▶ [SUPPLIED INFORMATION]
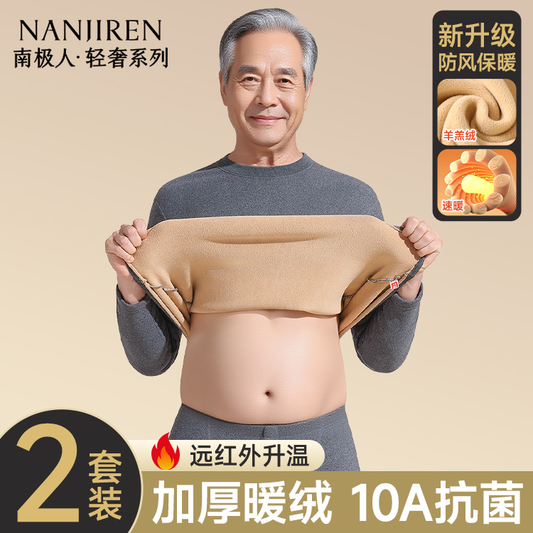 南极人中老年人保暖内衣男士加绒加厚爸爸秋衣秋裤套装宽松加大码
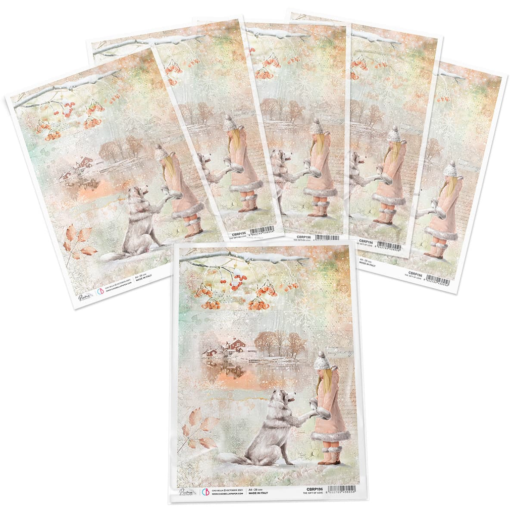 - 1 design; includes an image of a wintery scene with a girl and a dog in a field by a stream, with a house in the background
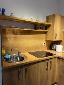 Featuring a private entrance, this apartment is comprised of 1 living room, 1 separate bedroom and 1 bathroom with a bath and a shower. The well-equipped kitchen has a stovetop, a refrigerator and kitchenware. The apartment features parquet floors, a seating area with a flat-screen TV with cable channels, a dining area, a wardrobe, as well as an electric kettle. The unit offers 2 beds.
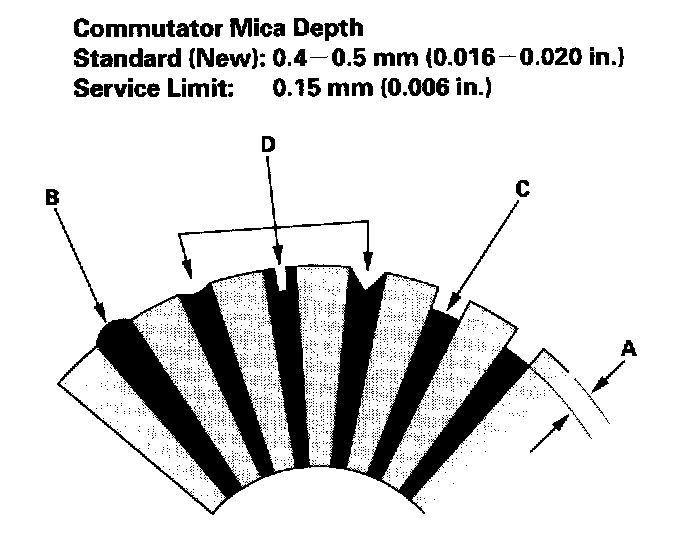 - If the commutator runout is within the service limit, check the commutator for carbon dust or brass chips between the segments.

▶ [REQUIREMENT] Line by line, write out the material above exactly, with no images.

▶ [SOLUTION TO THIS EXERCISE]
 南极人中老年人保暖内衣男士加绒加厚爸爸秋衣秋裤套装宽松加大码
 - 1 design; includes an image of a wintery scene with a girl and a dog in a field by a stream, with a house in the background
 Featuring a private entrance, this apartment is comprised of 1 living room, 1 separate bedroom and 1 bathroom with a bath and a shower. The well-equipped kitchen has a stovetop, a refrigerator and kitchenware. The apartment features parquet floors, a seating area with a flat-screen TV with cable channels, a dining area, a wardrobe, as well as an electric kettle. The unit offers 2 beds.
 - If the commutator runout is within the service limit, check the commutator for carbon dust or brass chips between the segments.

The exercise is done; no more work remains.